John Johnson calculated the costs and, come April 1928, he advertised the price—once the Delegates and Publisher Milford had agreed upon it. The work, emblazoned with the names of the editors—Sir James A. H. Murray, Henry Bradley, W. A. Craigie, C. T. Onions—was now available, according to a special flyer, at the price of `50 guineas for 10 volumes bound as 12 [for as 10 two would have been too bulky] in half-morocco; 50 guineas for 20 half-volumes in quarter persian; and 55 guineas for 20 halfvolumes in half-morocco'. 9 Then follows the odd phrase `OF ALL BOOKSELLERS'—which suggests a prepositional error, though heaven forfend that John deMonins Johnson could ever perpetrate such a thing. 10 The phrase appears in much later flyers too, suggesting unusual style rather than careless mistake.

Praise for the book was, in the months after first publication, well-nigh universal, perhaps taking itself to a point that, since this story is not supposed to be overtly hagiographical, becomes almost tedious to relate. To my mind two quotations sum up, deftly and rather more lightly than most, the delight in the admixture of excellence and the pride that dominated the weeks and months in the aftermath of the appearance of the completed work.
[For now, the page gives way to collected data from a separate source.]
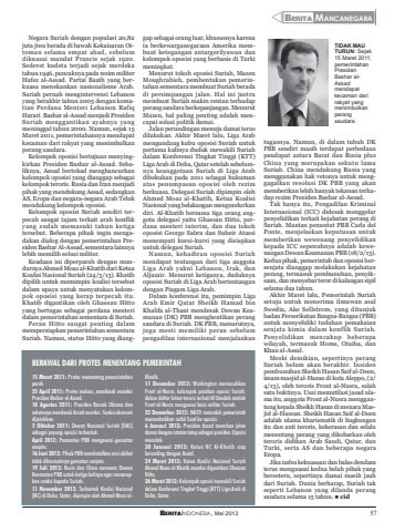 BERITAINDONESIA, Mei 2013 57YBERITA MANCANEGARANegara Suriah dengan populasi 20,82juta jiwa berada di bawah Kekaisaran Ottoman selama empat abad, sebelumdikuasai mandat Prancis sejak 1920.Sederet kudeta terjadi sejak merdekatahun 1946, puncaknya pada rezim militerHafez al-Assad. Partai Baath yang berkuasa menekankan nasionalisme Arab.Suriah pernah mengintervensi Lebanonyang berakhir tahun 2005 dengan kematian Perdana Menteri Lebanon RafiqHarari. Bashar al-Assad menjadi PresidenSuriah menggantikan ayahnya yangmeninggal tahun 2000. Namun, sejak 15Maret 2011, pemerintahannya mendapatkecaman dari rakyat yang menimbulkanperang saudara.Kelompok oposisi bertujuan menyingkirkan Presiden Bashar al-Assad. Sebaliknya, Assad bertekad menghancurkankelompok oposisi yang dianggap sebagaikelompok teroris. Rusia dan Iran menjadipihak yang mendukung Assad, sedangkanAS, Eropa dan negara-negara Arab Telukmendukung kelompok oposisi.Kelompok oposisi Suriah sendiri terpecah sangat tajam terkait arah konflikyang sudah memasuki tahun ketigatersebut. Beberapa pihak ingin mengadakan dialog dengan pemerintahan Presiden Bashar Al-Assad, sementara lainnyalebih memilih solusi militer.Keadaan ini diperparah dengan mundurnya Ahmed Moaz al-Khatib dari KetuaKoalisi Nasional Suriah (24/3/13). Khatibdipilih untuk memimpin koalisi tersebutdalam upaya untuk menyatukan kelompok oposisi yang kerap terpecah itu.Khatib digantikan oleh Ghassan Hittoyang bertugas sebagai perdana menteridalam pemerintahan sementara di Suriah.Peran Hitto sangat penting dalammempersiapkan pemerintahan sementaraSuriah. Namun, status Hitto yang dianggap sebagai orang luar, khususnya karenaia berkewarganegaraan Amerika membuat ketegangan antargerilyawan dankelompok oposisi yang berbasis di Turkimeningkat.Menurut tokoh oposisi Suriah, MazenMoughrabieh, pembentukan pemerintahan sementara membuat Suriah beradadi persimpangan jalan. Hal ini justrumembuat Suriah makin rentan terhadapperang saudara berkepanjangan. MenurutMazen, hal paling penting adalah mencapai solusi politik damai.Jalan perundingan menuju damai terusdilakukan. Akhir Maret lalu, Liga Arabmengundang kubu oposisi Suriah untukpertama kalinya duduk mewakili Suriahdalam Konferensi Tingkat Tinggi (KTT)Liga Arab di Doha, Qatar setelah sebelumnya keanggotaan Suriah di Liga Arabdibekukan pada 2011 sebagai hukumanatas penumpasan oposisi oleh rezimberkuasa. Delegasi Suriah dipimpin olehAhmed Moaz al-Khatib, Ketua KoalisiNasional yang belakangan mengundurkandiri. Al-Khatib bersama tiga orang anggota delegasi yaitu Ghassan Hitto, perdana menteri interim, dan dua tokohoposisi George Sabra dan Suheir Atassimenempati kursi-kursi yang disiapkanuntuk delegasi Suriah.Namun, kehadiran oposisi Suriahmendapat tentangan dari tiga anggotaLiga Arab yakni Lebanon, Irak, danAljazair. Menurut ketiganya, duduknyaoposisi Suriah di Liga Arab bertentangandengan Piagam Liga Arab.Dalam konferensi itu, pemimpin LigaArab Emir Qatar Sheikh Hamad binKhalifa al-Thani mendesak Dewan Keamanan (DK) PBB menghentikan perangsaudara di Suriah. DK PBB, menurutnya,juga mesti memiliki peran sebelumpengadilan internasional menjalankanBERAWAL DARI PROTES MENENTANG PEMERINTAHKhatib.11 Desember 2012: Washington memasukkanFront al-Nusra, kelompok pecahan oposisi Suriah,dalam daftar hitam teroris terkait Al Qaedah setelahFront al-Nusra menguasai basis militer Suriah.22 Desember 2012: NATO menuduh pemerintahmenembakkan rudal Scud ke oposisi.6 Januari 2013: Presiden Assad tawarkan jalandamai dengan catatan tetap sebagai presiden. Oposisimenolak.30 Januari 2013: Ketua NC Al-Khatib siapberunding dengan Assad.24 Maret 2013: Ketua Koalisi Nasional SuriahAhmed Moaz al-Khatib mundur digantikan GhassanHitto.26 Maret 2013: Kelompok oposisi mewakili Suriahdalam Konferensi Tingkat Tinggi (KTT) Liga Arab diDoha, Qatar.15 Maret 2011: Protes menentang pemerintahanpecah.25 April 2011: Protes meluas, mendesak mundurPresiden Bashar al-Assad.18 Agustus 2011: Presiden Barack Obama dansekutunya mendesak Assad mundur. Sanksi ekonomidijatuhkan.2 Oktober 2011: Dewan Nasional Suriah (SNC)sebagai payung oposisi terbentuk.April 2012: Pemantau PBB mengawasi gencatansenjata.16 Juni 2012: Pihak PBB membatalkan misi akibattidak dihormatinya gencatan senjata.19 Juli 2012: Rusia dan China memveto DewanKeamanan PBB untuk ketiga kalinya agar menerapkan sanksi kepada Suriah.11 November 2012: Terbentuk Koalisi Nasional(NC) di Doha, Qatar, dipimpin oleh Ahmed Moaz altugasnya. Namun, di dalam tubuh DKPBB sendiri masih terdapat perbedaanpendapat antara Barat dan Rusia plusChina yang merupakan sekutu lamaSuriah. China mendukung Rusia yangmenggunakan hak vetonya untuk menggagalkan resolusi DK PBB yang akanmemberikan lebih banyak tekanan terhadap rezim Presiden Bashar al-Assad.Tak hanya itu, Pengadilan KriminalInternasional (ICC) didesak menggelarpenyelidikan terkait kejahatan perang diSuriah. Mantan penuntut PBB Carla delPonte, menjelaskan keputusan untukmemberikan wewenang penyelidikankepada ICC sepenuhnya adalah kewenangan Dewan Keamanan PBB (18/2/13).Kedua pihak, pemerintah dan oposisi bersenjata dianggap melakukan kejahatanperang, termasuk pembunuhan, penyiksaan, dan menyebar teror di kalangan sipilselama dua tahun.Akhir Maret lalu, Pemerintah Suriahsetuju untuk menerima ilmuwan asalSwedia, Ake Sellstrom, yang ditunjukbadan Perserikatan Bangsa-Bangsa (PBB)untuk menyelidiki tuduhan pemakaiansenjata kimia dalam konflik Suriah.Penyelidikan mencakup beberapawilayah, termasuk Homs, Otaiba, danKhan al-Assal.Meski demikian, sepertinya perangSuriah belum akan berakhir. Insidenpembunuhan Sheikh Hasan Saif al-Deen,imam masjid al-Hasan di kota Aleppo, (2/4/13), oleh teroris Front al-Nusra, salahsatu buktinya. Usai memutilasi jasad ulama itu, anggota Front al-Nusra menggantung kepala Sheikh Hasan di menara Masjid al-Hassan. Sheikh Hasan Saif al-Deenadalah ulama kharismatik di lingkunganitu dan anti teroris, kekerasan dan selalumenentang perang yang dikobarkan olehteroris didikan Arab Saudi, Qata
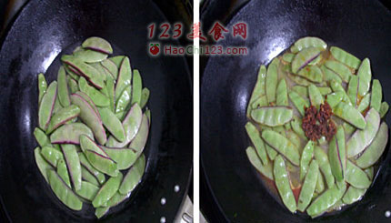 3、看到扁豆有点变颜色后,放入水和牛肉酱,炒几下,盖上锅盖。
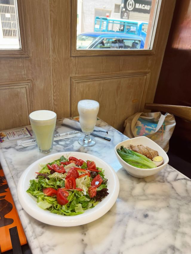 逛完热闹区官也街 来逛逛氹仔住宅区 感受一下澳门人的生活 来尝尝台式店-小泉居威翠店 大拌菜沙拉-炎炎的天气,没什么口欲,所以点了个沙拉,配上这个酸酸甜甜的醋汁,真是无敌适合这天气。 椰果奶绿-这里的椰果很好吃,很有口感,如果茶味再重一点就好了,可能我喜欢茶味多一点。 这座位也蛮好坐喔 总比官也街人挤人~
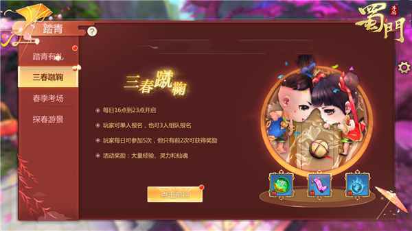天涯咫尺春满樱华,踏青寻春遍览风光。清明时节将至,《蜀门手游》踏青活动开启,遍插柳枝,遥放纸鸢,三春蹴鞠,更有惊喜踏青好礼相赠;一年之计在于春,春闱考场开放,邀好友快乐答题,丰厚奖励等你拿!
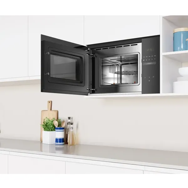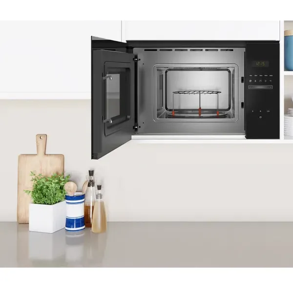Série Vidro Preto Microondas sem aro Instalação em armário superior de 60 cm de largura (mínimo 30 cm profundidade), coluna de 60cm de largura Abertura lateral à esquerda Controlo eletrónico Controlo deslizante totalmente integrado no vidro 20 l capacidade Prato rotativo 25.5 cm em vidro Aqualisis: sistema de limpeza simples, económico e ecológico Relógio eletrónico com programação de duração e fim de confeção Potência: 800 W Potência do grelhador: 1000 W. Funcionamento combinado micro-ondas + grill 5 níveis de potência: 800 W, 600 W, 360 W, 180 W, 90 W 8 programas automáticos de confeção e descongelação por peso 1 memória programável Interior em Inox Iluminação interior por LED Acessórios: Grelha, Prato rotativo
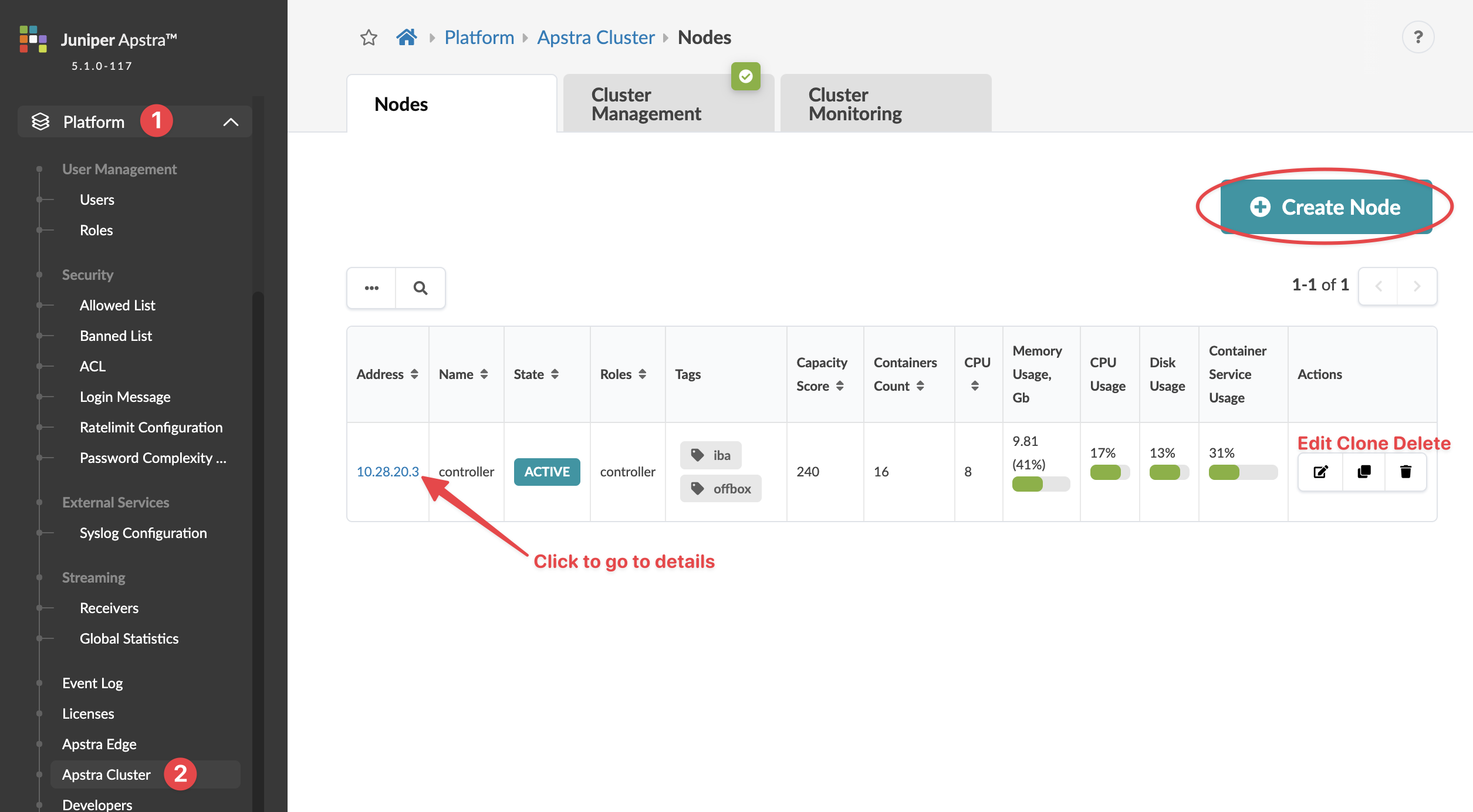 To access the VMs, from the left navigation menu, navigate to Platform > Apstra Cluster. Click a node address to see its details. You can create, clone, edit and delete nodes.
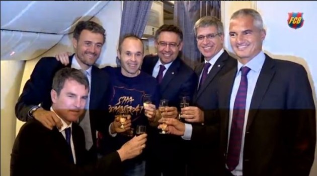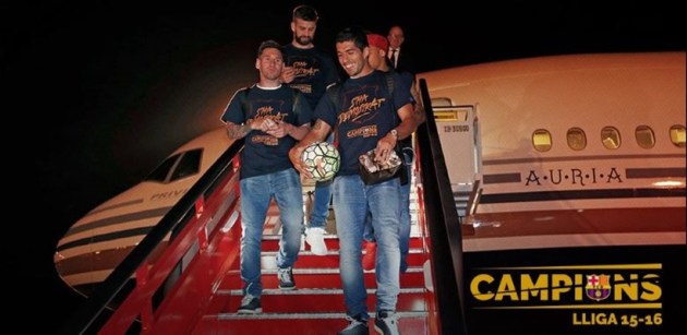 Champions Barcelona returned back home wearing Tshirts which said 'Champions' in Catalan. (Source: Twitter)
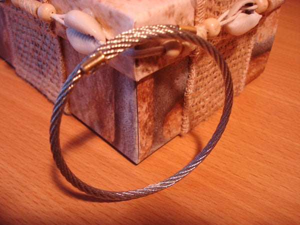 Bracelet câble mixte ouvert en acier et or jaune 750 millièmes (18 carats), le câble est  monté à la main et les parties en or sont massives et soudées, souple, fabrication garantie, ne bouge pas, article tout terrain !
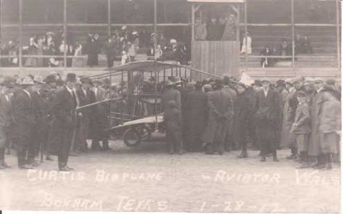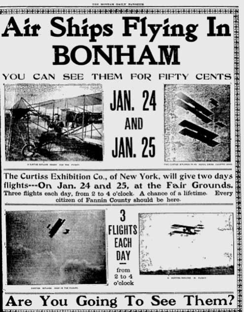 The Favorite reported in its January 25 edition that an “immense crowd witnesse[d] first aerial exhibition ever given in Bonham.” The exhibition was at the “old fair ground race course.” The “crowd that witnessed [the exhibition] was pleased and delighted, enthusiastically cheering the daring birdman on brilliant feats.”
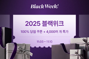 리테일 테크 기업 컬리가 연말 대규모 할인 프로모션을 진행한다. 컬리는 블랙프라이데이 시즌을 맞아 11월 한 달간 대규모 할인 행사 ‘블랙위크’를 개최한다고 5일 밝혔다. 1주 차 블랙위크 본프로모션은 이달 10일까지 진행되며, 매일 최대 1만 원 100% 당첨 쿠폰과 최대 90% 잭팟 쿠폰을 제공한다. 누적 판매량 10만 개 이상 상품을 장바구니에 담으면 추첨을 통해 24K 순금 1돈 골드바와 애플워치 등을 증정하는 ‘블랙위크 래플’ 이벤트도 함께 열린다. 과일, 야채, 달걀 등 주요 생필품은 연중 최저가로 판매된다. 2주 차인 10일부터 17일까지는 멤버십 전용 행사인 ‘멤버스위크’가 이어진다. 멤버스 고객은 CJ, 하림 등 인기 식품 브랜드를 할인된 가격에 구매할 수 있으며, 연말 시즌 인기 주얼리 브랜드 이에르로르·베흐트·제이에스티나·먼데이에디션 제품도 특가로 만나볼 수 있다. 또한 가전, 침구, 크리스마스트리 등은 최대 25% 추가 할인 쿠폰이 제공된다. 블랙위크의 마지막은 17일부터 내달 1일까지 진행되는 ‘라이프스타일 대전’이 장식한다. 이 기간에는 1시간 한정 특가 판매 ‘블랙위크 타임딜’이 열려 락앤락 밥 보관 용기, 클래파 2단 올스텐 계란
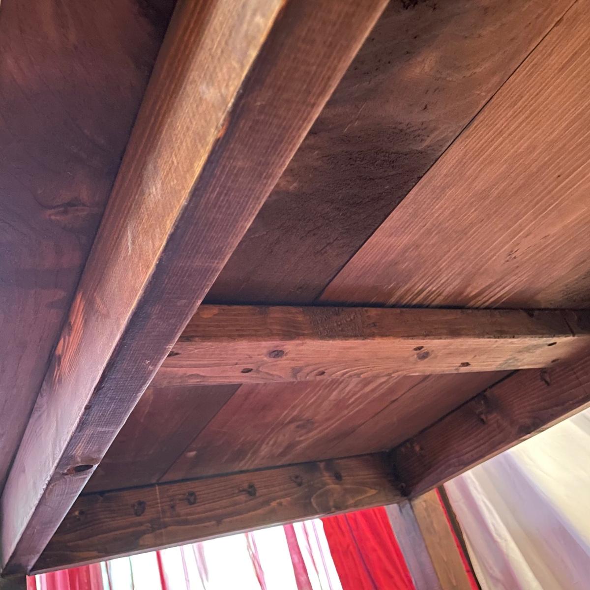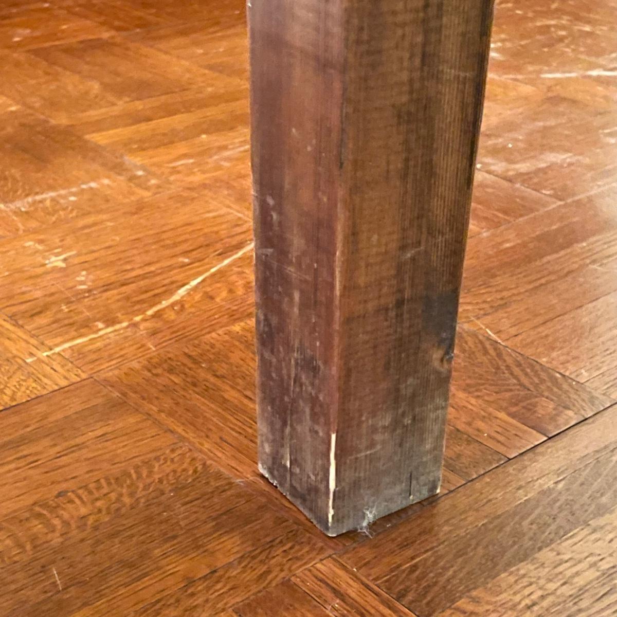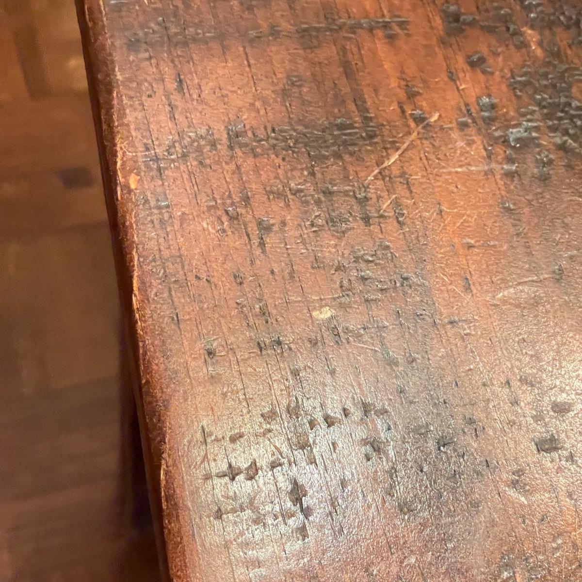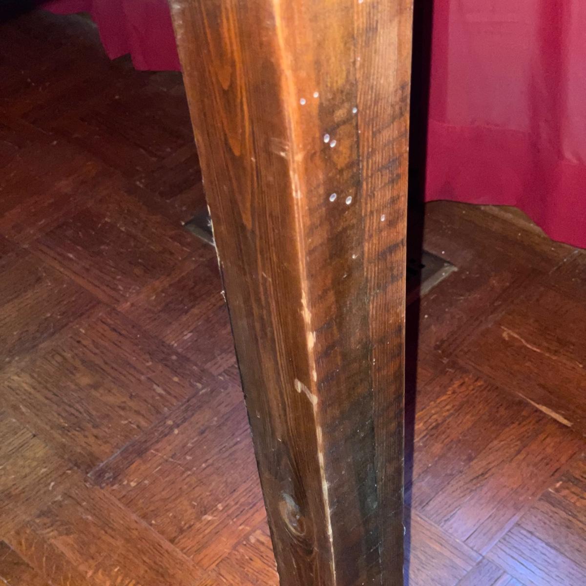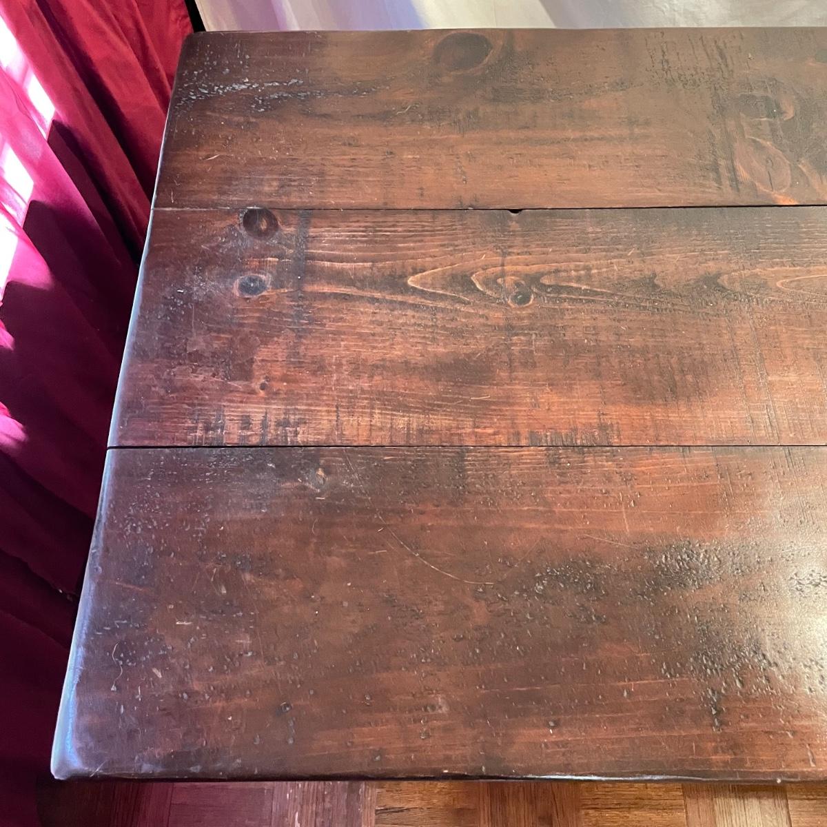 Stunning dark stained farm table. Table does not have extension abilities. Seller states table is Hickory wood. Piece measures 33.75” x 72” x 30”H. Local pick up only. Winning bidder must bring assistance to help move and load this item due to its weight and/or size.

The first, by now well known, came from the acerbic Baltimore wit and sometime lexicographer H. L. Mencken. He wrote in his newspaper column that `his spies had told him' that the appearance of the finished Dictionary would be celebrated in Oxford with `military exercises, boxing matches between the dons, orations in Latin, Greek, English and the Oxford dialect, yelling contests between the different Colleges and a series of medieval drinking bouts'.

The second harks back to the man who started it all, Richard ChenevixTrench, who, it will be remembered, made his caustic speech of November 1857 attacking the deficiencies of the English dictionaries of the day. What had now been created, all its makers hoped, was a monument that would turn out to be quite wanting in deficiencies of any kind. To illustrate the point, Craigie—newly made Sir William Craigie at the Derby Day dinner, and given an Honorary LL D by Oxford the day before—quoted an obviously deficient but nonetheless memorable definition that he winkled out of Falconer's not widely known Dictionary of Marine.

It was the definition of the simple word retreat. As Falconer has it: `Retreat is the order in which a French fleet retires before an enemy. As it is not properly a term of the British marine, any fuller account would be out of place.'

Incorrect, and facetious. Very Johnsonian, one might say. Moderately witty of course, if in an unspeakably chauvinistic and these days politically incorrect way. But its existence, however shocking to the lexicographic purist, made a point. It was important for everyone to know, declaimed Professor Sir William Craigie, LL D, D.Litt, the fifth editor: no such definition—in fact nothing of the kind—would ever be allowed to occur, except inadvertently, within the pages of the Oxford English Dictionary.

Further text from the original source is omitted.